Erst sehr viel später habe ich angefangen darüber nachzudenken. Als ich langsamere Marathons lief und die ersten Ultras. Als ich zunehmend Geher überholte. So lange ich schnelle Marathons lief, war ich in einer "Region" im Marathonfeld unterwegs, wo nicht viele laufen. Und wenn, dann jenseits der 30 km. Das taten sie, weil sie überpaced hatten oder sich verletzten. Und selbstverständlich wären das beides auch für mich Gründe zu gehen. Ist mir aber - da bin ich meinem Körper und dem Läuferschicksal endlos dankbar - nie passiert. Beim Laufen langsamerer Marathons und Ultras begegnete ich aber immer mehr Läufern, bei denen klar war und die das auch so aussprachen, dass sie die Strecke nicht komplett laufen werden, weil ihnen das zu anstrengend ist oder weil sie es gar nicht können.
Und genau diese Denkweise, sich eine Strecke vorzunehmen, die man komplett laufend gar nicht bewältigen kann, verstehe ich nicht. Tolerieren, akzeptieren - alles null Problem. Aber verstehen? Wenn ich was nicht laufen kann - komplett laufen meine ich -, dann melde ich mich da nicht an. So einfach ist das für mich. Ich verstehe den Sinn darin nicht, sich für einen 12h-Lauf anzumelden ohne die Fähigkeit zu besitzen tatsächlich 12 h lang zu laufen. Tolerieren, akzeptieren, Lauffreunde haben, die so denken und handeln - null Problem. Aber verstehen? Es kommt einfach nicht bei mir an. Ich habe oft darüber nachgegrübelt.
Vor allem auch, weil ich gerne zwei Leidenschaften häufiger und intensiver miteinander kombinieren würde: Laufen und Berge.

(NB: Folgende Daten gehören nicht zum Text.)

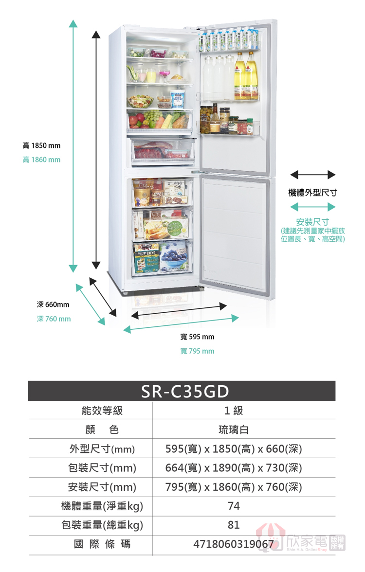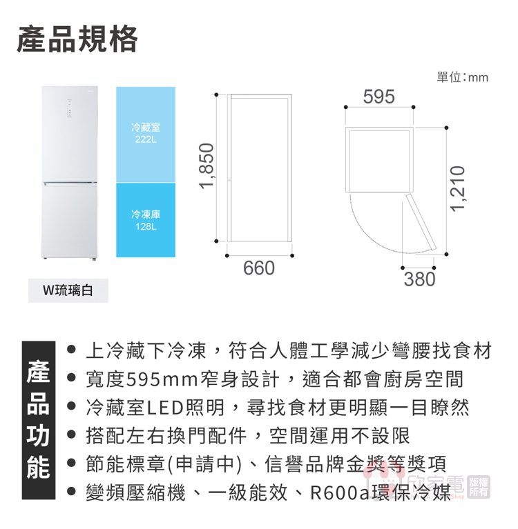 外型尺寸(mm):寬595 × 高1850 × 深660
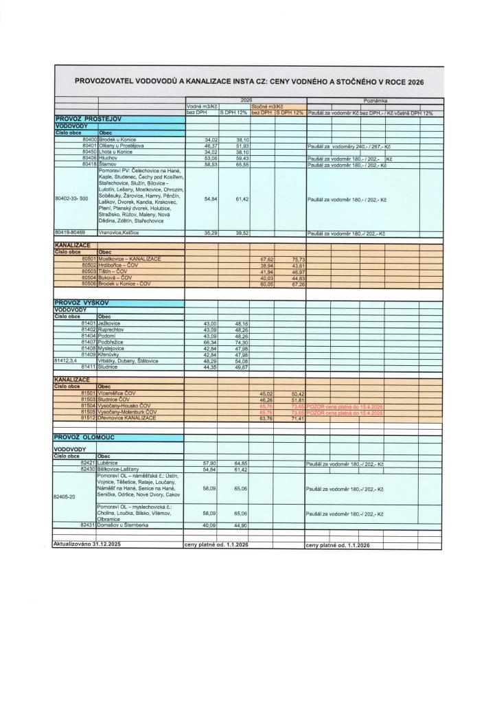 Provozovatel INSTA CZ - ceník vodného od 1.1.2026 v Náměšti na Hané činí 65,06 Kč vč. DPH, paušál za vodoměr 202 Kč vč. DPH.
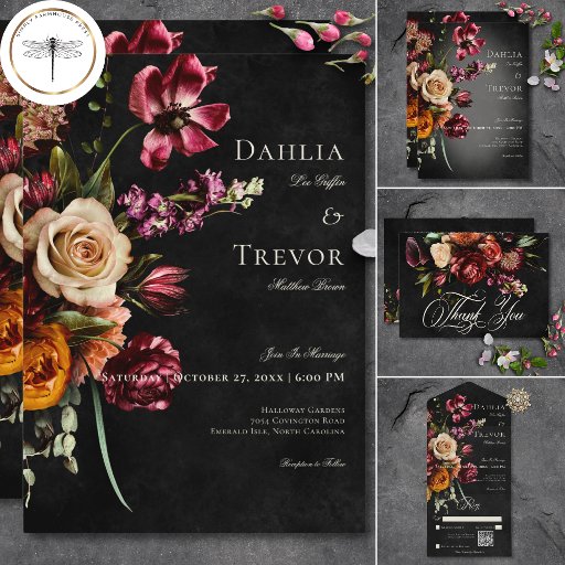 Dark Elegant Blur Autumn Floral Wedding Save The Date

Früher war ich sommers sehr viel zu sportlichen bis erschöpfenden Bergwanderungen und bergsteigerisch unterwegs. Deswegen gehören heute einige Bergmarathons zu den für mich schönsten Erinnerungen in meiner Wettkampfsammlung. Aber das sind alles Wettkämpfe gewesen, bei denen zumindest die Aussicht bestand sie komplett laufend zu überstehen. Im Einzelfall ging das dann doch nicht. Wenns zu unwegsam und steil war, man stellenweise sogar mal die Hände zu Hilfe nehmen musste. Oder wenn zu viele Geher vor mir waren und ich nicht die Kraft hatte drum rum zu steppen (oder es mir auch zu doof gewesen wäre, weil ich nicht den Elitären vor den anderen rauskehren wollte). Einmal wars zu kalt und ich im Regen total eingefroren, ein anderes Mal hatte ich beim letzten Joch einfach nicht mehr die Kraft. Das kann ich für mich alles akzeptieren, weil es sich nur um kurze Abschnitte handelte oder eben meine Kraft mangels Tagesform überstieg. Nach wie vor bin ich allerdings weit von Unternehmungen entfernt, wie beispielsweise den Zugspitz Ultratrail oder den Eiger Ultratrail mit zig tausenden von Höhenmetern und der absoluten Notwendigkeit sehr lange Passagen zu gehen oder gar zu steigen unter Zuhilfenahme der Hände. Das ist nicht mein Ding, weil das ein anderes Ding ist. Eher eine Art Durchschlageübung, bei der man abschnittsweise läuft, andere Gangarten aber die Regel sind. Das geht mehr in die Richtung Triathlon, einer tollen Sportart, wo ganz bewusst drei Arten der Fortbewegung aneinander gereiht werden. Ich finde Triathlon "geil", aber eben nicht für mich. Ich bin Läufer (und ein mäßiger Schwimmer und einer der mit Unlust aufs Rad steigt).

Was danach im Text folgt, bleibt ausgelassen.